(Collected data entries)

########################################

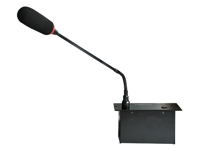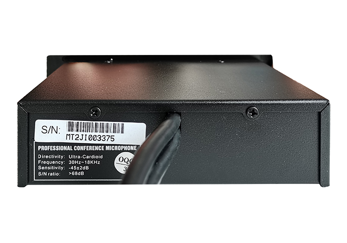 智能数字化设计控制电路,功耗低嵌入式设计,带发言指示灯环指示;锌合金压铸外壳,桌面式结构,外观精美;铝合金设计,美观、时尚、经久耐用高保真单指向性电容咪芯,声音还原、清晰度高、噪音小;优良抗手机干扰能力。315度全向弯折不锈钢软管单元自带2.1米单出8p连线,配备T3M连接线,安装简便,提高安装的效率会议单元支持热插拔功能,自带2.1米8P连接线;手拉手连接模式,安装简便,操作灵活类型:电容式指向性:单一指向性频率响应:40Hz-16KHz灵敏度:-43±2dB@1KHz输入电压:DC 9V(主机供电) 最小输入阻抗 :1KΩ信噪比:90dB(A)输出插座:2.0M 8P端子座 输入导线:2.0m 8P屏蔽线附件:防风海绵、2.0m 8PT3M屏蔽线开孔尺寸:(W×D):140 mm×40mm
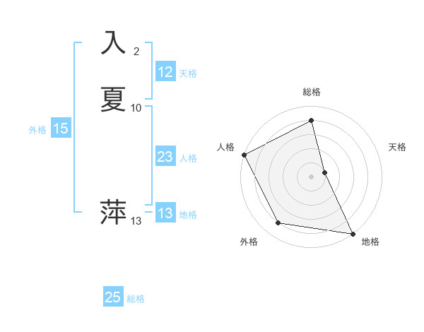 入夏 萍さんの総格は25画の4点!
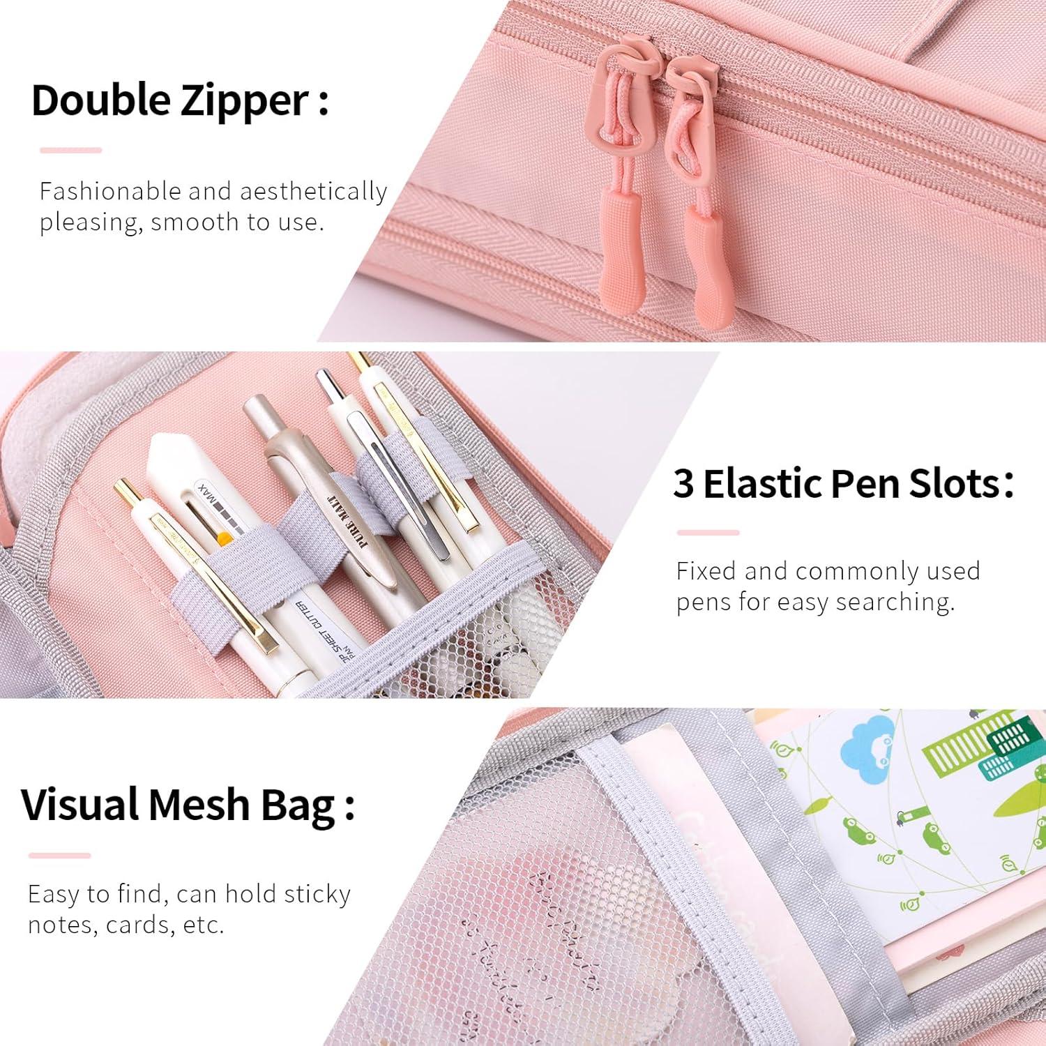 imageCICIMELON Durable Pen Pencil Case Big Storage Pen Pouch Bag for School Supplies Office College Teen Girls Adults PurpleUpgraded Pink
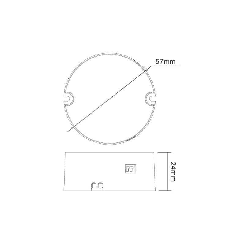 - Design compact et sécurisé : Boîtier en plastique isolé (IP20), idéal pour un usage intérieur. Dimensions Ø57 x 24 mm.
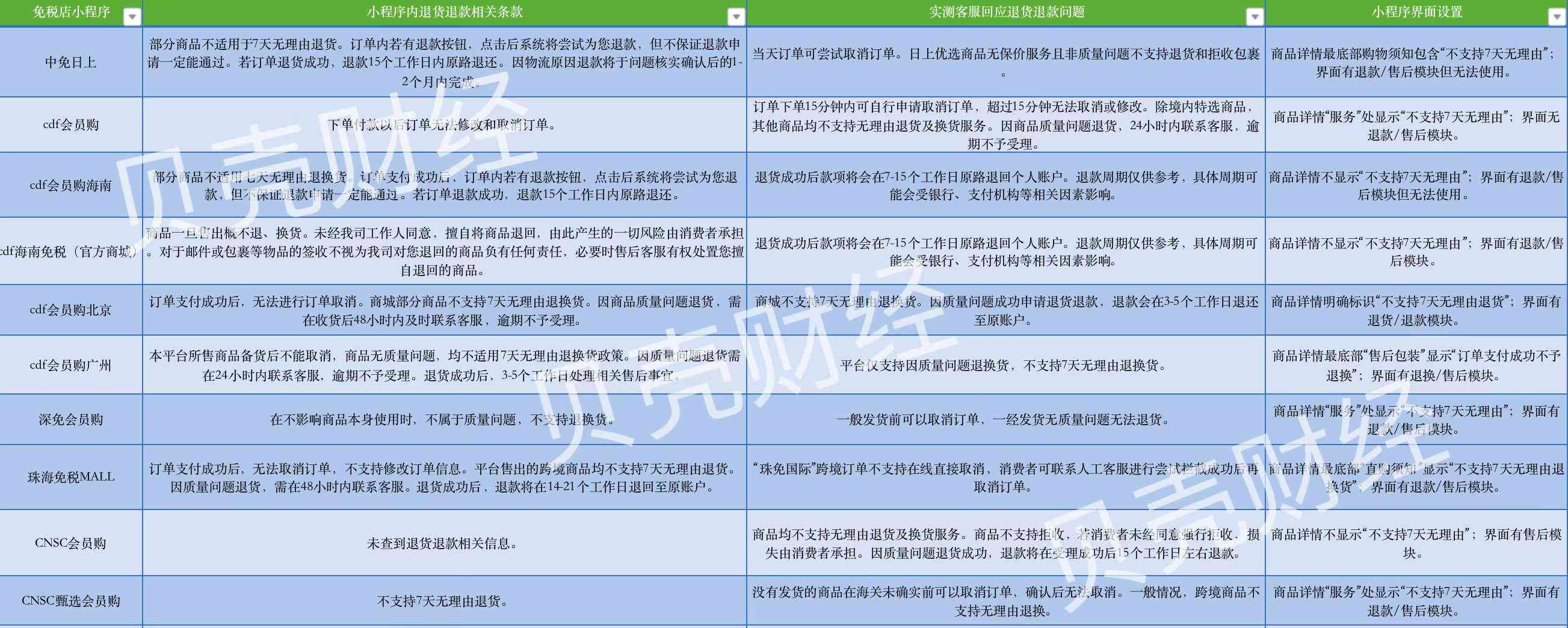贝壳财经记者实测发现,中免、深免、珠免、中出服四大免税企业旗下的10家免税品网购小程序境外商品均不支持7天无理由退换货,且在小程序相关购物须知和客服回应中不乏“付款15分钟后不能取消订单”“消费者拒收不能退款”“商家签收拒收产品不代表同意退货退款”“退款将于问题核实后1-2个月内完成”等条款。

########################################

◆ Exercise prompt
Transcribe every line from the one with "- Design compact" to the last line of the records above, exactly, excluding pictures.

◆ Answer to the problem
 - Design compact et sécurisé : Boîtier en plastique isolé (IP20), idéal pour un usage intérieur. Dimensions Ø57 x 24 mm.
贝壳财经记者实测发现,中免、深免、珠免、中出服四大免税企业旗下的10家免税品网购小程序境外商品均不支持7天无理由退换货,且在小程序相关购物须知和客服回应中不乏“付款15分钟后不能取消订单”“消费者拒收不能退款”“商家签收拒收产品不代表同意退货退款”“退款将于问题核实后1-2个月内完成”等条款。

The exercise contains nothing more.